The Indian economy, which is predominantly consumption-driven, is witnessing a slowdown. Consumer confidence is low. Investments have not picked up despite the government lowering corporate tax rate by 10%.
Exports have been declining for the fifth straight month, IIP numbers are not encouraging and inflation levels last month have crossed the target set by RBI. Many sectors like automobiles, real estate are facing decline in sales. While various groups have high hopes from budget and many economists feel that stimulus is the only way out, Nirmala Sitharaman will be facing a tough time while preparing the document.
Some of the challenges which Sitharaman will be facing are enumerated below:
1. Economic slowdown – falling growth, consumption and investment
GDP is expected to grow at 5% in FY20. Consumer spending fell for the first time in four decades. Private investments are not picking up despite a corporate tax cut. How could it, if the operating ratio of companies is at 75%-80%? India’s Investment accounted for 29.7% of its nominal GDP in Sept 2019, the number used to be above 35% in 2014. Indian economy is facing challenges on many fronts.
2. Decline in consumer confidence
Consumer confidence weakened further in November, 2019 as per a Reserve Bank of India survey with both the current situation index and the future expectations index declining. The sentiment on the general economic situation prevailing in the country and the job scenario weakened.

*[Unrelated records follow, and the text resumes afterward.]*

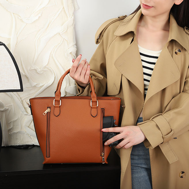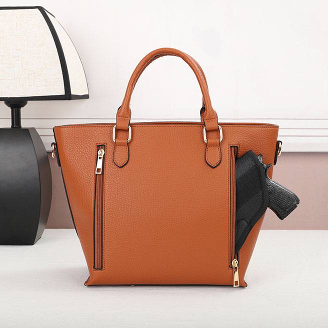 Purse – Brown The CCW compartment is located on the back side of the purse with two zippers on each side. Universal holster included. Material : PU Dimensions : 14“ W X 10.5“ H X 4.5“ D Weight : 1.3 lb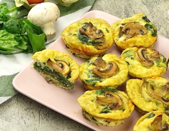 Razbijte jaja u činiju i umutite ih. Dodajte pržene pečurke, kuvani spanać, rendani sir, mleko, so, biber i dobro promešajte. Podmažite kalup za mafine i sipajte smesu. Stavite po krišku pečurke na svaki mafin. Pecite 15 minuta na 180°C.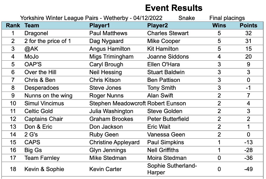 Sunday 4th December. Cold and wet and sunset at 3-46pm but 18 teams ate bacon sandwiches for breakfast, played all day in light showers and arctic winds and enjoyed themselves immensely for just a fiver each but unfortunately HPC teams didn’t get anywhere near the top places. Readers may not know some of the names who did make the top 3 places but they are all county level players for Yorkshire and Dag is the regional coach.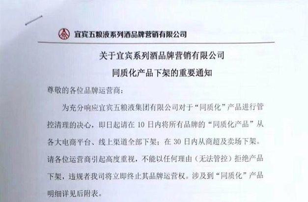 新京报讯(记者 王子扬)4月8日,落款为宜宾五粮液系列酒品牌营销有限公司的一份关于该公司“同质化产品”下架的通知显示,该公司要求各品牌运营商10日内在电商平台和线上渠道,30日内在各商超渠道下架所有品牌的共73款“同质化产品”,违规者将立即终止品牌运营授权。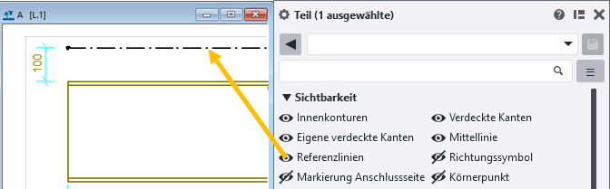 Über diese erweiterte Option können Sie in Zeichnungen die Position der Referenzlinien einstellen.
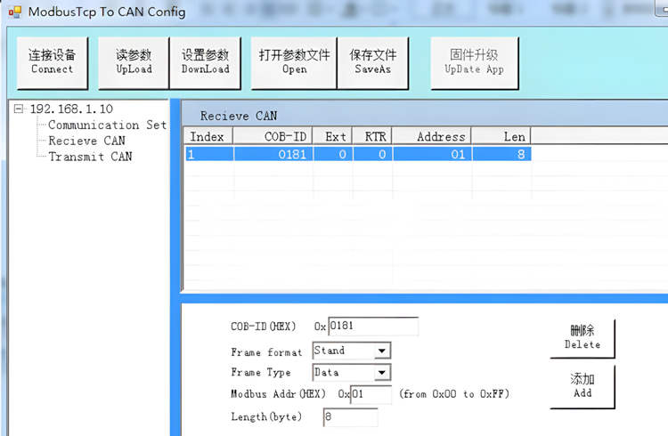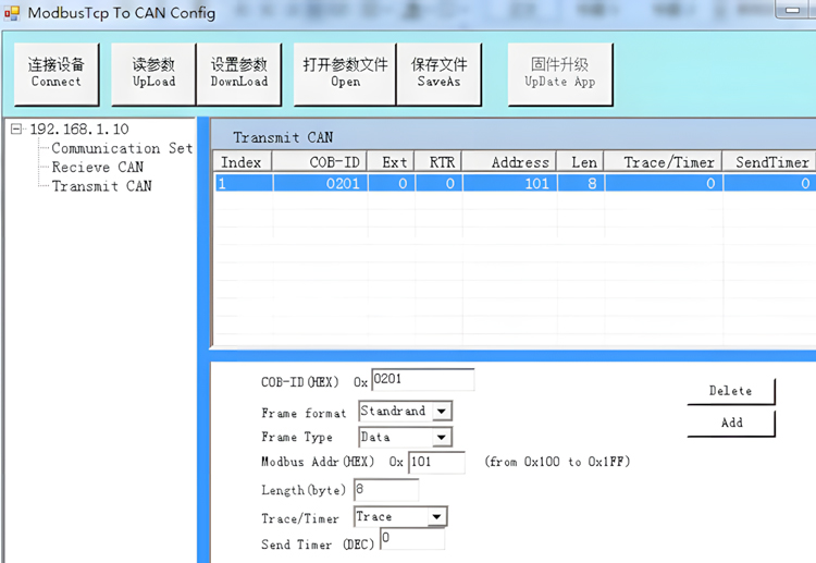 COB-ID为CAN总线的帧ID设置,Frame Format为帧格式(标准帧Standard/扩展帧Extended)设置,Frame Type为帧类型(数据帧Data/远程帧RTR)设置,Modbus Address为Modbus端寄存器首地址设置,Length为CAN帧数据的长度,最大值为8。请注意:这个长度是1个字节单位,而Modbus地址是整型(2个字节),因此如果CAN数据长度是8个字节,那么对应Modbus地址映射为4个字节。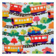 Trens fofos em trilhos com grandes árvores em fundo azul.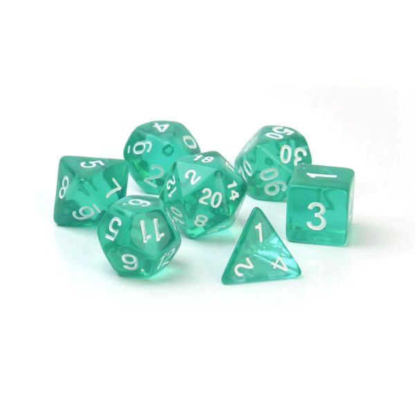 Lake Green Transparent Clear Polyhedral Dice Set for D&D and Tabletop RPGs, featuring coloured transparent resin with crisp white numbering.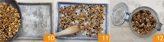 Transfiere la mezcla a una bandeja de aluminio 10 y distribúyela uniformemente para que se enfríe rápidamente 11. Una vez fría, la granola está lista para ser utilizada o almacenada 12.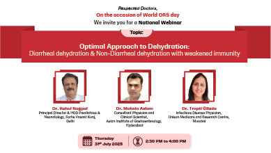 The role of Fluid, Electrolyte and Energy (FEE) management in aiding holistic recovery from various non-diarrheal illnesses along with the core treatment is evolving. Johnson & Johnson has been on a journey, partnering with experts to generate scientific evidences on role of FEE in patient recovery from non-diarrheal illnesses. These evidences have been curated by Johnson & Johnson to create a Certification program in partnership with Association of Physicians of India - Hydration & Recovery Masterclass. This program aims to consolidate evolving scientific evidences into clinically relevant, engaging modules, delivered succinctly by our esteemed speaker panel.

It has been consistently declining since March 2019 as shown below. Nirmala Sitharaman has an uphill task at hand to take measures to improve the confidence, without which consumer spending is unlikely to gain momentum in FY21.
3. Rising inflation
Retail inflation rises to 65-month high at 7.35% in December 2019, marking its rise for the third consecutive month. This is way above RBI’s comfort zone of 4%. The Modi government has prided itself on keeping price rise under check, so it is not at all good news for them.
It couldn’t come at a wrong time. When the industry is pressing for rate cuts to boost demand and investment, rising inflation could deter the RBI from reducing interest rates.
This will act as a double shock to the economy and also has repercussions on government plans of leaving more money in hands of people, injection of stimulus, et cetera.
4. Shortfall in revenues / tax collections
In 8 months up to November 2019, revenue receipts were only 50% of Budget Estimates for FY20. The tax revenues were even lesser at 45.5%. The slow economic growth and the reduced rates of GST on many articles have adversely affected the collections. Out of the Rs 1.05 lakh crore disinvestment target, only 17% has been achieved, with no substantial progress in Air India and BPCL disinvestment.
Tax collection target is likely to be missed by Rs 2.5 lakh crore, or 1.2% of the GDP, as per former finance secretary Subhash Chandra Garg. Total receipts are 27% lower than they should have been till November 2019.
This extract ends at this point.